I can hear tape hiss in the background throughout.
Using Adobe Audition (only to save time to show as an example, you can likely do the same in Audacity).
There are two filters of note - Noise Reduction and Hiss Reduction. Both can work on tape hiss.
Photo W1 shows the spectral image of the recording - nothing of note able 16Khz, so probably regular cassette tape and equipment, not metal/dolby/etc.
(No real reason to go above 44.1khz for recordings)
Hiss reduction is an art because every time you reduce hiss, you also take some quality away from the original recording.
There are more sophisticated tools like Izotope R you can use.
https://www.youtube.com/watch?v=n2SfxMpQSwQ
Compare the two - I did a Noise Reduction (W2) and Hiss Reduction (W3) on the same original.
You can listen and hear the reduced hiss, as well as the slightly rounded off voices.
More advanced spectral filters, cutoff filters, Izotope, etc. can all be used to "clean up" the recording, but that will take a lot of trial and error and testing to see which methods work the best for you.
The key here is reducing the hiss improves the audibility of the voices. You can hear them clearer with less hiss.
....
Typically, for audio, there's a LOT of standards as to how loud the music/sound track should be set to.

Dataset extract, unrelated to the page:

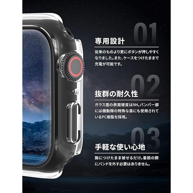 機能性 |正確なカットアウトの保護ケースでアップルウォッチの各ボタンの操作はアップルウォッチ本来の操作感に近く、快適に操作できます。 アップルウォッチ裏のセンサー部分にカバーがない設計なので、保護ケースを装着したままでの充電が可能です。 また、バンド部分に干渉しないカバーデザインでバンドの交換もスムーズにおこなえます。ガラス面には、グレア現象(密着痕)を防止するドット加工を施しております。(100%防ぐものではありません) 腕に着けたままかぶせるだけ。従来の保護ケース同様に何度でも着脱可能。強化ガラスを使用しておりますが、一点に負荷がかかると破損することがあります。特に脱着時、ガラス面を押さえないようご注意ください。保護ケースガラス内側はドット加工が施されている為、お手入れの時など摩耗により傷がつく場合があります。香水、溶剤、洗剤、酸や酸性の食品、虫除け、ローション、日焼け止め、油分、毛髪染料などは本製品及びAppleWatchに悪影響を及ぼす可能性がありますので付着しないようにしてください。ブラック・ホワイト・クリアのカラー展開でApple Watchのデザイン性を損ないません。

(eg https://www.gearslutz.com/board/post-production-forum/229741-standard-mixing-levels-mo...cials-etc.html)
Now, for home users, you don't need to understand all that.

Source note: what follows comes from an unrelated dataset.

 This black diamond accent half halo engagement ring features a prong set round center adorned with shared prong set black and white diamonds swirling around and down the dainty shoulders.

Notice W4. The volume goes all the way to 0dB = 100% volume.
Great for PCs because they can handle that perfectly fine, probably not for TV home systems where the audio is typically mastered with a LoWER dB maximum.
Instead of normalizing to 0dB, try -6dB, -9dB, even -12dB and play the audio on your home system to see if it still overloads your speakers.
...
Tiny/Minor things that can help squeeze more quality out of these tapes:
1. clean and demagnetize the tape heads.
http://soundfirst.com/cleandemag.html
2. Try recordings with Dolby/Dbx turned on and off.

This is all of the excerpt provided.